In early 2016 and with the acclaim of Another Love, Victor began writing and directing his second short film ECHO. Unlike Another Love, Perez focused on ECHO as a way of bringing together his abilities as VFX artist to explore new ways of storytelling. The experimental film is about girl who wakes up in the middle of nowhere only to see her reflection in a mirror 10 seconds ahead of her time. When she wakes up again, the nightmare starts over.

To create this never-before-seen mirroring footage, ECHO featured a pioneering motion control technology that was developed at Stiller Studios in Stockholm, Sweden - by Tomas Tjernberg and Tomas Wall - synchronising for the first time two motion control rigs: the massive and pixel-accurate Cyclops® and the fastest and versatile Bolt®, both manufactured by the highly regarded Mark Roberts.

Months of research and development, rehearsals and planning were necessary to accomplish the “Echo Mirroring Effect”. Stiller Studios – owned by Patrik Forsberg – brought a state-of-the-art motion control technology featuring a 3D virtual representation of their real sound stage to allow the filmmakers to design a choreography with the actress to match the virtual world to the real one and vice versa, with visual feedback in real time. This was truly a teamwork effort of narrative visual effects to capture a complex vision in a simple cinematic way.

“I wanted to take this technology at its maximum expression in terms of narrative to tell the story of ECHO, and the team at Stiller Studios accepted the challenge. The result is a whole short film shot entirely in just five long takes, with an actress who is synchronised with the camera movements as a hidden musical choreography. But after all technicalities and technology, I had always one key element in mind: tell a good story in a new way that’s never been seen before. Integrating VFX at the service of storytelling, not the other way around,” said Perez.

Awards and honours 
Perez worked on the visual effects team for Harry Potter and the Deathly Hallows – Part 1, which won a BAFTA award for visual effects in 2012. He was also voted the year’s most valuable contributors in 2012 and 2017 on Nukepedia, and in 2008, he won the Golden Pixel Award at the Maine Media Workshop.

Perez’s directing debut Another Love achieved great acclaim receiving more than 27 nominations and awards at more than 60 films festivals since 2015.

With Echo, his second work as film director, Victor Perez collected 19 statuettes and it made history being the first short film ever to receive a nomination at the VES Awards for its Outstanding Virtual Cinematography, nominated along multimillion films such as Steven Spielberg's Ready Player One or Robert Zemeckis Welcome to Marwen among others blockbusters.

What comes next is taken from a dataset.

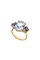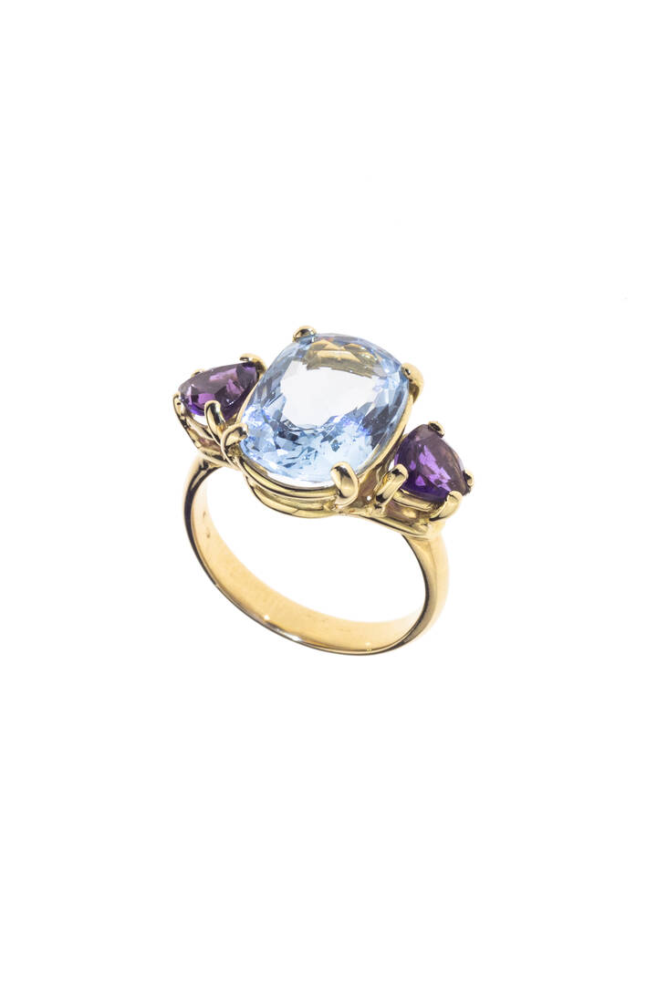 in oro giallo con topazio azzurro centrale taglio ovale e ai lati due amatiste taglio triangolare

In 2019 Victor Perez received the highest honour from the Italian Academy of Motion Picture being awarded with the David Di Donatello (the Italian equivalent to the Oscar®) for his work as visual effects supervisor on The Invisible Boy: Second Generation.

David Di Donatello (Italian Academy Award)

Visual Effects Society (VES) Awards

Annual Gold Movie Awards

Los Angeles Film Awards

Festigious International Film Festival

Hollywood International Motion Picture Film Festival

Gold Movie Film Festival

WorldFest Houston International Film Festival

One-Reeler Short Film Competition

Independent Shorts Awards

Best Shorts Competition

Sydney Indie Film Festival

Carmarthen Bay Film Festival

Flixxfest Film Festival

Beaufort International Film Festival, US

Hudson Valley International Film Festival

Short Stop International Film Festival

Accolade Competition

California Film Awards

Marbella Film Festival

Visioni Corte Film Festival

Canada Shorts Film Festival

Southampton International Film Festival

Filmography

Film Director
 Ensemble - In development
 ECHO (Short) - (2017)
 Another Love (Short) - (2015)
 The Girl and the Mask - In development

Visual Effects
 Immaculate - visual effects supervisor (2023)
 Unwanted (TV Series) - visual effects consultant (2023)
 All My Crazy Love - visual effects supervisor (2019)
Il Ragazzo Invisibile: Seconda Generazione - visual effects supervisor (2018)
 ECHO (Short) - visual effects supervisor (2017)
 Rogue One: A Star Wars Story - senior compositor (2016)
 Another Love (Short) - visual effects supervisor (2015)
 Top 10 Natural Disasters - compositing supervisor (2013)
 Trance - visual effects artist (2013)
 Un Giorno Devi Andare - digital compositor (2013)
 Les Misérables - digital compositor (2012)
 Viaje a Surtsey - lead compositor (2012)
 The Dark Knight Rises - digital compositor (2012)
 Total Recall - digital compositor [uncredited] (2012)
 The Bourne Legacy - digital compositor (2012)
 John Carter - digital compositor (2012)
 Haywire - digital compositor (2011)
 Will - digital compositor (2011)
 Il Generale Della Rovere (TV Movie) - digital compositor (2011)
 Pirates of the Caribbean: On Stranger Tides - digital compositor (2011)
 40 Years (Short) - lead compositor (2010)
 This is My Land... Hebron (Documentary) - visual effects supervisor (2010)
 Harry Potter and the Deathly Hallows – Part 1 - digital compositor (2010)
 127 Hours - digital compositor / compositing TD (2010)

Writer 
 ECHO (Short) - (2017)
 Another Love (Short) - (2015)
 Ensemble - Co-Writer

Producer
 ECHO (Short) - (2017)
 Another Love (Short) - (2015)
 Project Kronos (Short) - 2013

Actor
 Another Love (Short) - Doctor (2015)
 Project Kronos (Short) - Jonathan Drakensko (2013)
 Summer Rain - González Cortés (2006)

Certification and affiliation
Victor Perez is a certified NUKE trainer, a digital compositing software produced and distributed by The Foundry. NUKE is used for film and television post-production. He has taught master classes throughout various institutions such as Pixar Animation Studios, The Animation Workshops, and Escape Studios. Perez also publishes his monographic VFX courses with FXPHD online.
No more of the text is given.